Work instruction ▸ Copy the listing below exactly, but skip the pictures.

···

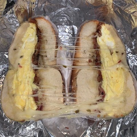 Bagel Boss is becoming somewhat of a small empire: They have three locations in the city, one in New Jersey, and 12 on Long Island (and most of them are kosher). They were out of American and cheddar cheese when I visited (I guess the Sunday of Halloweekend is a popular day for hungover BECs), so I ordered mine with pepper jack. It was surprisingly delicious and also had one of the best cheese pulls I’ve ever had on a BEC. Aside from the typical breakfast orders, they also offer breakfast burritos, omelettes, and signature deli sandwiches.
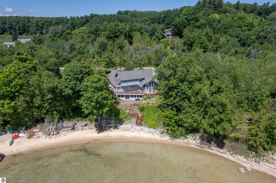 Discover an exceptional waterfront property on Old Mission Peninsula, boasting over 202' of pristine sandy shoreline along East Grand Traverse Bay. This premium beachfront offers the perfect setting for endless summer activities. Launch your kayak, paddleboard, or boat directly from your private beach, or simply dive into the crystal-clear waters for a refreshing swim in the bay. The property encompasses two generous lots in an exclusive location on prestigious Bluff Road, offering unparalleled privacy & tranquility. Experience breathtaking sunrise & moonrise views over the water from your multi-level decking system, thoughtfully designed with stairs leading directly to your private beach sanctuary. The expansive yard provides ample space for outdoor entertainment and activities. Vehicle storage is well-accommodated with an attached two-car garage plus an additional 2.5-car garage for ex...
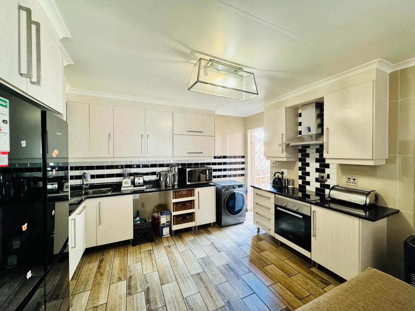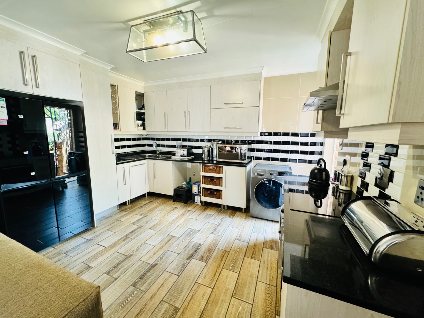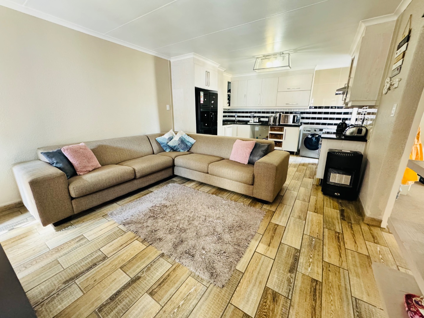 Discover this inviting 2-bedroom, 2-bathroom rental property located within a desirable complex in Bergbron, Roodepoort. The modern kitchen is well-appointed with light cabinetry, dark countertops, a striking black and white tiled backsplash, and includes an integrated oven, hob, and extractor fan. Wood-look floor tiles extend throughout the open-plan living area, creating a seamless flow ideal for contemporary living.
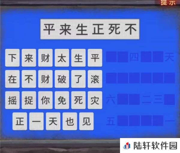 13、那么我们就能获得线索4=正,6=不,2=来,3=生,5=死,1=平,所以我们按照顺序排列一下就是平来生正死不,找一下这几个字输入后可以查看三生,这里今生会有剧情,不过这不影响我们掏出小卡片,将三生所有出现在框框中的文字都给记录下来。
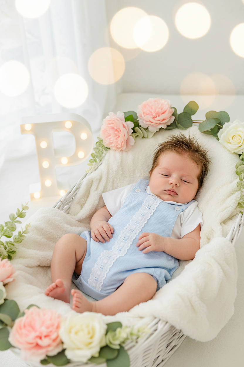 Conjunto João em azul: fofo com fita de renda e camisola com golinha de camisa.
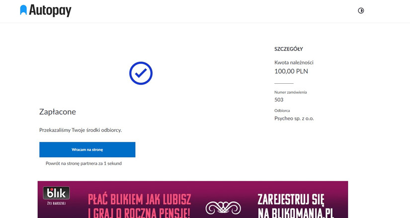 Po pomyślnym zakończeniu płatności zobaczysz komunikat „Zapłacone” oraz potwierdzenie przekazania środków.
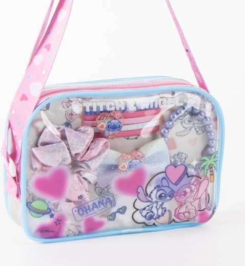 Ten uroczy zestaw akcesoriów do włosów z motywem STITCH zachwyci każdego fana zabawnych i kolorowych stylów. Dzięki praktycznej saszetce wszystkie elementy będziesz mieć zawsze pod ręką i bezpiecznie schowane – w domu i w podróży.

···

Result for this task ▸
 Bagel Boss is becoming somewhat of a small empire: They have three locations in the city, one in New Jersey, and 12 on Long Island (and most of them are kosher). They were out of American and cheddar cheese when I visited (I guess the Sunday of Halloweekend is a popular day for hungover BECs), so I ordered mine with pepper jack. It was surprisingly delicious and also had one of the best cheese pulls I’ve ever had on a BEC. Aside from the typical breakfast orders, they also offer breakfast burritos, omelettes, and signature deli sandwiches.
 Discover an exceptional waterfront property on Old Mission Peninsula, boasting over 202' of pristine sandy shoreline along East Grand Traverse Bay. This premium beachfront offers the perfect setting for endless summer activities. Launch your kayak, paddleboard, or boat directly from your private beach, or simply dive into the crystal-clear waters for a refreshing swim in the bay. The property encompasses two generous lots in an exclusive location on prestigious Bluff Road, offering unparalleled privacy & tranquility. Experience breathtaking sunrise & moonrise views over the water from your multi-level decking system, thoughtfully designed with stairs leading directly to your private beach sanctuary. The expansive yard provides ample space for outdoor entertainment and activities. Vehicle storage is well-accommodated with an attached two-car garage plus an additional 2.5-car garage for ex...
 Discover this inviting 2-bedroom, 2-bathroom rental property located within a desirable complex in Bergbron, Roodepoort. The modern kitchen is well-appointed with light cabinetry, dark countertops, a striking black and white tiled backsplash, and includes an integrated oven, hob, and extractor fan. Wood-look floor tiles extend throughout the open-plan living area, creating a seamless flow ideal for contemporary living.
 13、那么我们就能获得线索4=正,6=不,2=来,3=生,5=死,1=平,所以我们按照顺序排列一下就是平来生正死不,找一下这几个字输入后可以查看三生,这里今生会有剧情,不过这不影响我们掏出小卡片,将三生所有出现在框框中的文字都给记录下来。
 Conjunto João em azul: fofo com fita de renda e camisola com golinha de camisa.
 Po pomyślnym zakończeniu płatności zobaczysz komunikat „Zapłacone” oraz potwierdzenie przekazania środków.
 Ten uroczy zestaw akcesoriów do włosów z motywem STITCH zachwyci każdego fana zabawnych i kolorowych stylów. Dzięki praktycznej saszetce wszystkie elementy będziesz mieć zawsze pod ręką i bezpiecznie schowane – w domu i w podróży.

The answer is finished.